An identity provider creates, maintains, and manages identity information. It provides authentication, authorization, and auditing services to applications and services. In modern authentication, an application can redirect a user to the identity provider. After successful verification, the identity provider issues a security token that the application trusts. Tokens contain claims such as user identifiers, roles, groups, issue time, and permission information.

Single sign-on is an important identity-provider benefit. A user signs in once to the identity provider and can access applications that trust the same provider without entering separate credentials for every app. Centralizing sign-in improves control because administrators can enforce policies and disable access from one place.

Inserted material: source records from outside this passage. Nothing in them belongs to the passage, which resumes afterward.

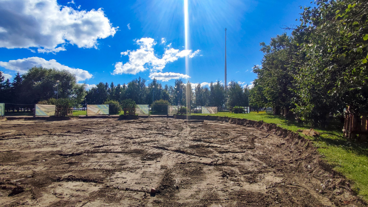 На фото изображён участок земли, подготовленный для строительства или благоустройства. Поверхность расчищена от травы и выровнена, по краям заметны следы техники. На заднем плане установлено ограждение с баннерами, за которым видны деревья и зелёные насаждения. Яркий солнечный день подчёркивает детали рельефа. Такой снимок иллюстрирует процесс начального этапа строительства, подготовку территории и работы по организации строительной площадки.
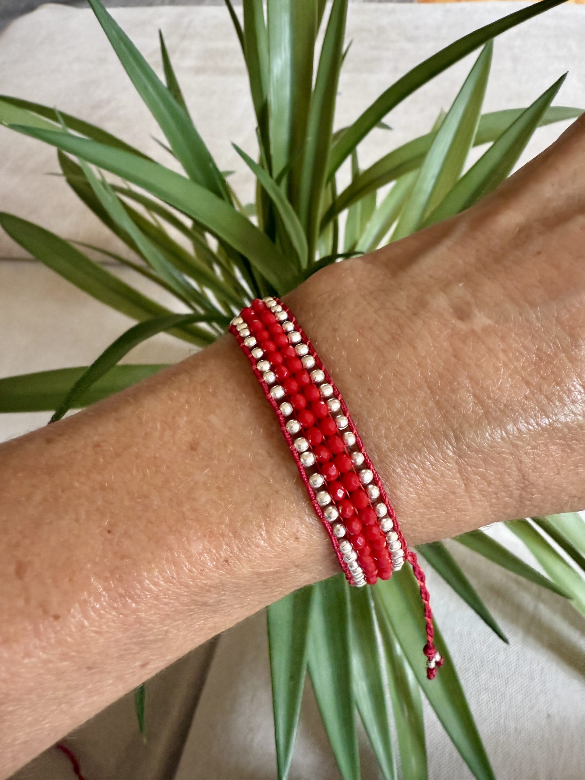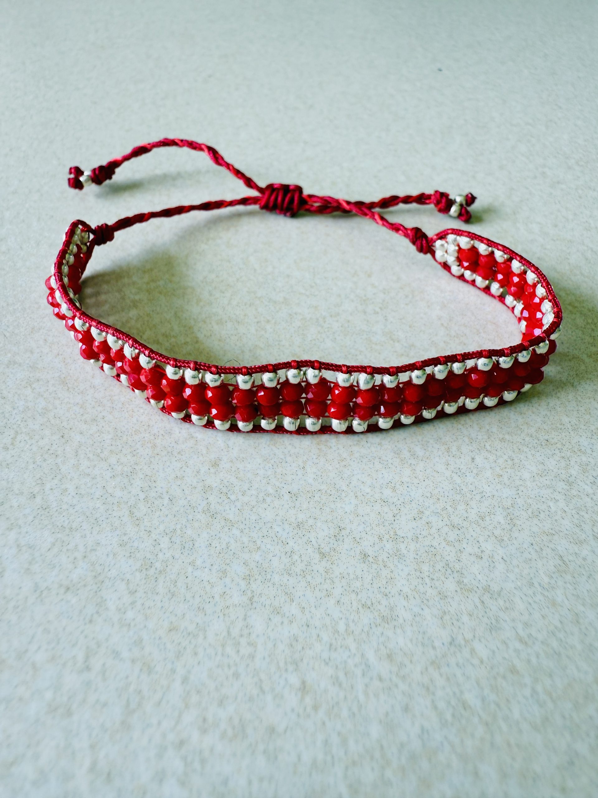 PULSERA TEJIDA A MANO, HILOS Y CRISTALES ,AJUSTABLE.
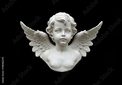 Serene Cherubic Angel Sculpture Wings Isolated Black Background
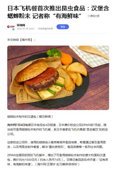 26、日本推出蟋蟀粉末飞机餐
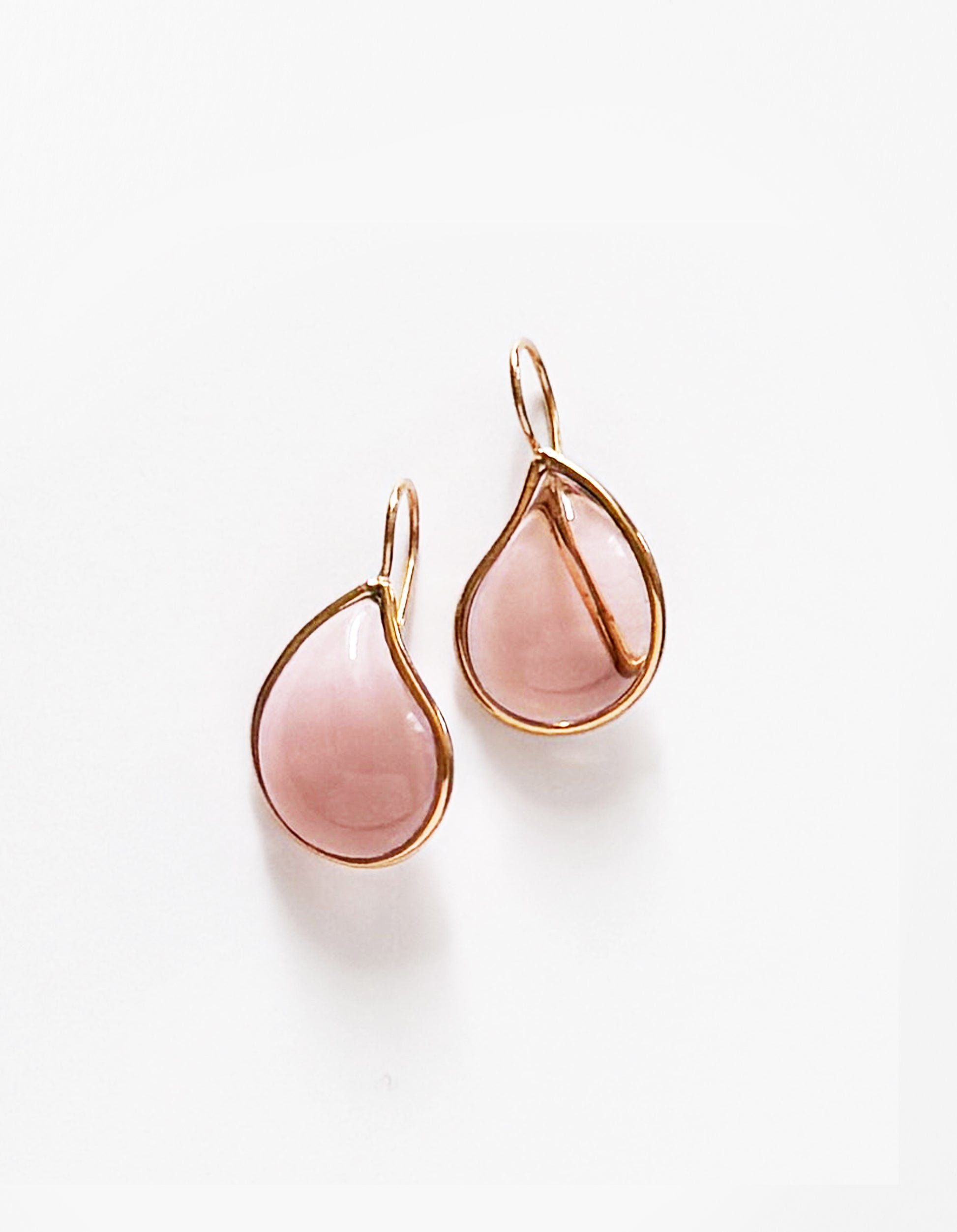 Ces boucles d’oreilles de couleur Pêche ont la forme de Larmes. En plaqué or 24K et pâte de verre, elles sont faites à la main à Paris.
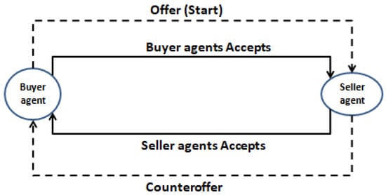 Negotiation is an effective approach for social interaction and diverse parties use it as a resolving dispute mechanism [,]. Through an exchange of opinions, the parties aim to reach an agreement that satisfies all. This paper asserts that negotiation is an effective mechanism for finding a solution between opponents in various domains []. For example, negotiation is used in politics to find an agreement point between opponents []. Business partners negotiate deals and agreements etc. []. This paper focuses on the buying and selling process between software agents for the purpose of automating the negotiation process.
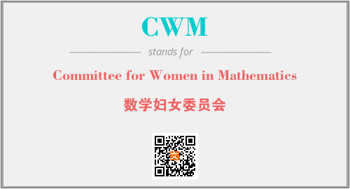 英文缩略词“CWM”经常作为“Committee for Women in Mathematics”的英文缩写来使用,中文表示:“数学妇女委员会”。本文将详细介绍英文缩写词CWM所代表英文单词,其对应的中文拼音、详细解释以及在英语中的流行度。此外,还有关于缩略词CWM的分类、应用领域及相关应用示例等。
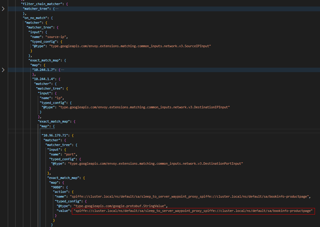 ztunnel_outbound监听器如何选择合适的FilterChain处理流量的呢?如下图所示,ztunnel_outbound监听器中设置了filter_chain_matcher。其中通过匹配数据包的源IP(10.244.1.4,即sleep容器的地址)、目的IP(10.96.179.71,即produtpage服务的ClusterIP)及目的端口(9080即productpage服务端口号),可以选择名称为"spiffe://cluster.local/ns/default/sa/sleep_to_server_waypoint_proxy_spiffe://cluster.local/ns/default/sa/bookinfo-productpage"的FilterChain来处理Sleep发往Productpage的请求。
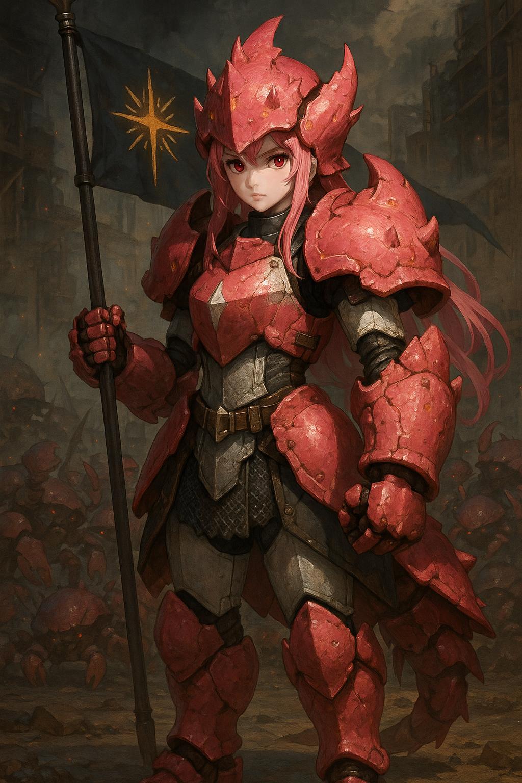 粉紅長髮、赤紅雙眼、仿造地球智人少女體態,身穿銀白護鎧,手持戰旗槍,是全場唯一一位非甲殼類的神兵。
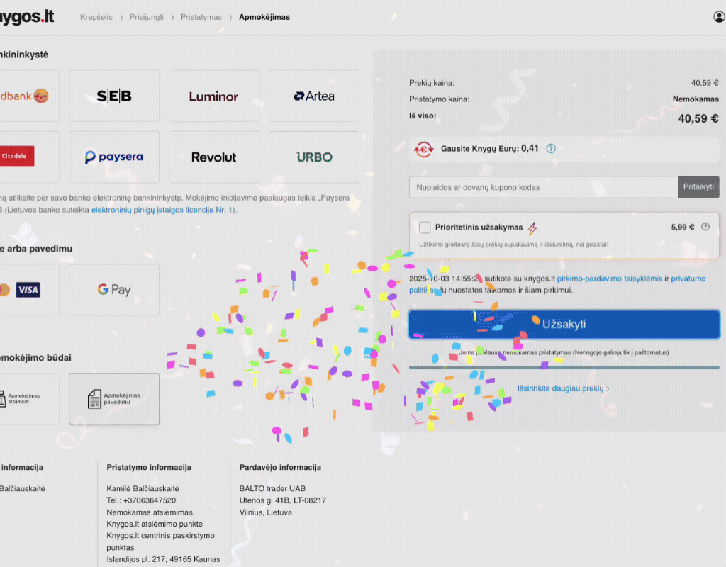 Pasiūlymas galioja tik internete. Dovanų kiekis ribotas. Pasiūlymas baigsis, kai baigsis dovanoms skirtas kiekis. Negalioja perkant skaitmeninius dovanų kuponus, el. knygas ir skaitytas knygas.
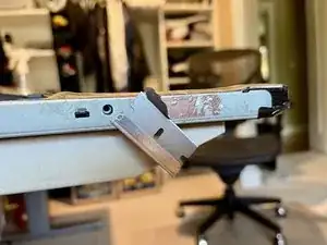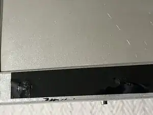 Отклейте алюминиевую ленту между крышкой буферной платы и металлической рамой. Это позволит снять крышку, не сгибая защёлки у шарнира.
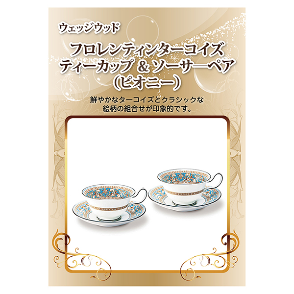 ウェッジウッド フロレンティン ターコイズ ティーカップ&ソーサ― ペア(ピオニー)【パネル・目録付】|景品ならPIARY(ピアリー)
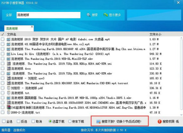 《P2P种子神器官方版》这款软件是基于ED2K电驴网络技术打造的p2p搜索工具,采用的还是目前最为先进的ed2k网络检索技术,这样的好处就是在进行资源搜索的时候会更加的方便快速,能够搜索到更多的资源,并且对于搜索之后的结果更加的准确,这款p2p种子神器绿色版是完全免费的,不会收取用户一分钱,搜索的方式非常简单一键就可以完成搜索,搜索之后可以去快速的进行下载,在选择文件之后使用迅雷来进行下载会更加的方便简单,感兴趣的用户快来下载体验吧。
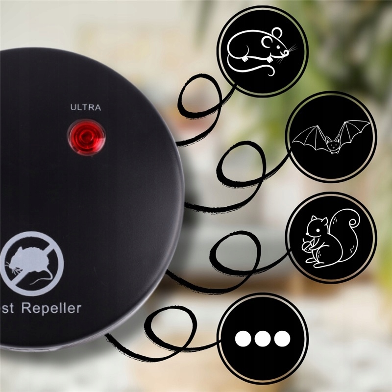Звук, що виробляється пристроєм, може ефективно відлякувати гризуни, такі як щури, щури, марени, ласки, білки тощо, ідеально підходячи для використання в обмежених місцях, таких як будинки, підвалів, гаражі або робочі місця. Продукт виробляє ультразвукові хвилі з частотною конверсією, що ефективно стримує шкідників. Він оснащений багатьма режимами, динаміком, що випромінює ультразвукові хвилі та хвилі, що генерують тиск, що генерує. Пристрій має активну робочу поверхню до 150 м².
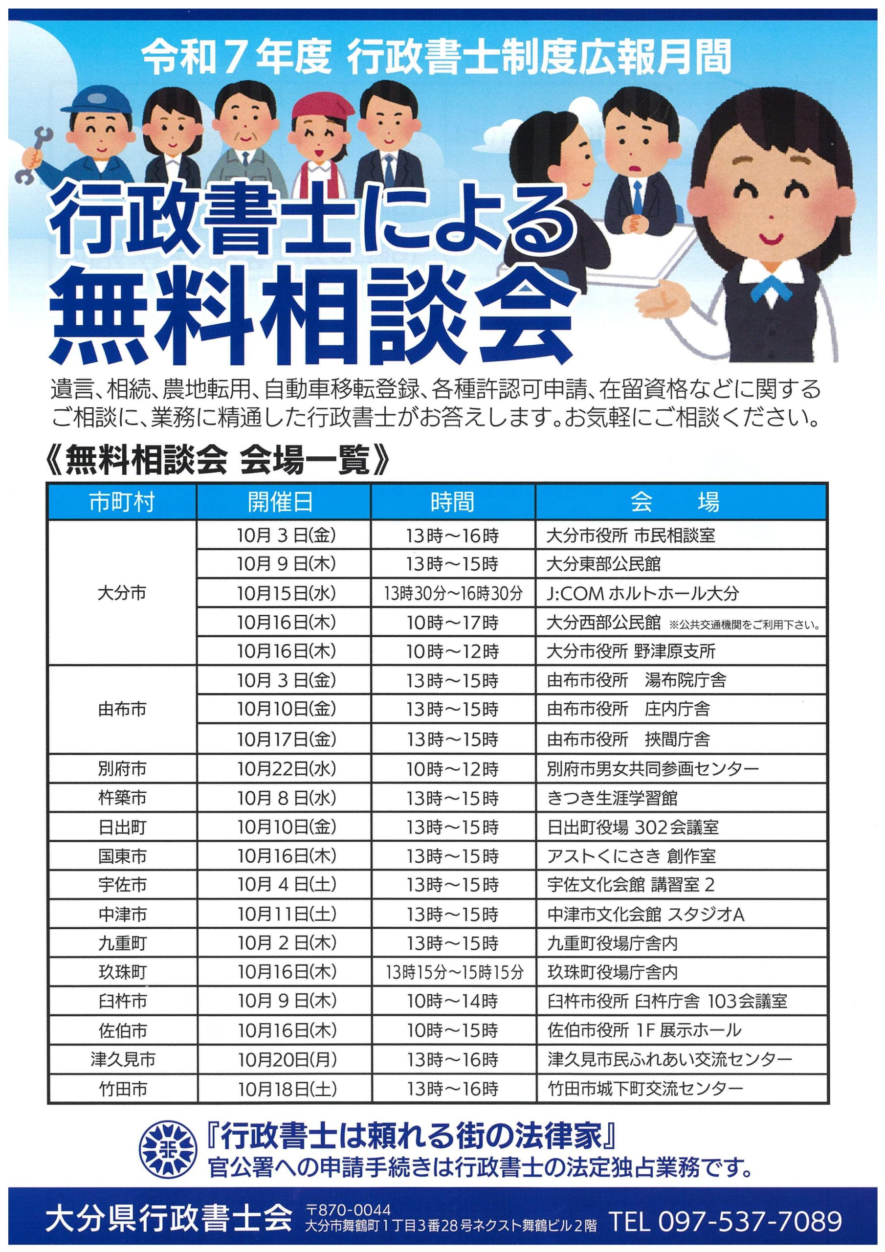 お問い合わせ:097ー537ー7089(大分県行政書士会事務局)
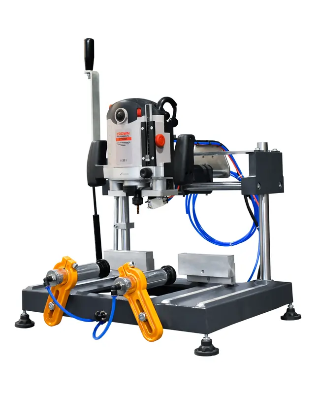 این دستگاه با 1 محور فرزکاری عمودی با موتور قدرتمند، انواع سوراخکاریهای دستگیره، آبراه و شکاف پروفیلهای UPVC را با کمک شابلون انجام میدهد.

Directory services store and expose identity-related objects. Active Directory Domain Services, often shortened to AD DS, is Microsoft's on-premises directory service for domain-based networks. It stores users, devices, and groups, verifies credentials during sign-in, and defines access rights to network resources. Microsoft Entra ID is the current Microsoft cloud-based identity and access management service for internet and cloud scenarios.

Federation extends trust across boundaries. One identity provider can trust another identity provider so users authenticate with credentials they already have and access resources in a different organization or domain. Trust relationships are not automatically bidirectional; two-way trust must be configured when both sides need it.

Exam distinction cues

  • If the prompt asks who the user is, think authentication.

  • If it asks what the signed-in user can do, think authorization.

  • If it asks about central sign-in, tokens, claims, or SSO, think identity provider.

  • If it asks about cross-organization trust, think federation.

These identity concepts prepare you for Microsoft Entra chapters. SC-900 does not require you to build a full identity architecture in Domain 1, but it does expect precise vocabulary. Most wrong answers in identity questions come from mixing sign-in proof with access permission, or from confusing a directory that stores objects with federation that establishes trust.

Test Your Knowledge

Which statement best distinguishes authentication from authorization?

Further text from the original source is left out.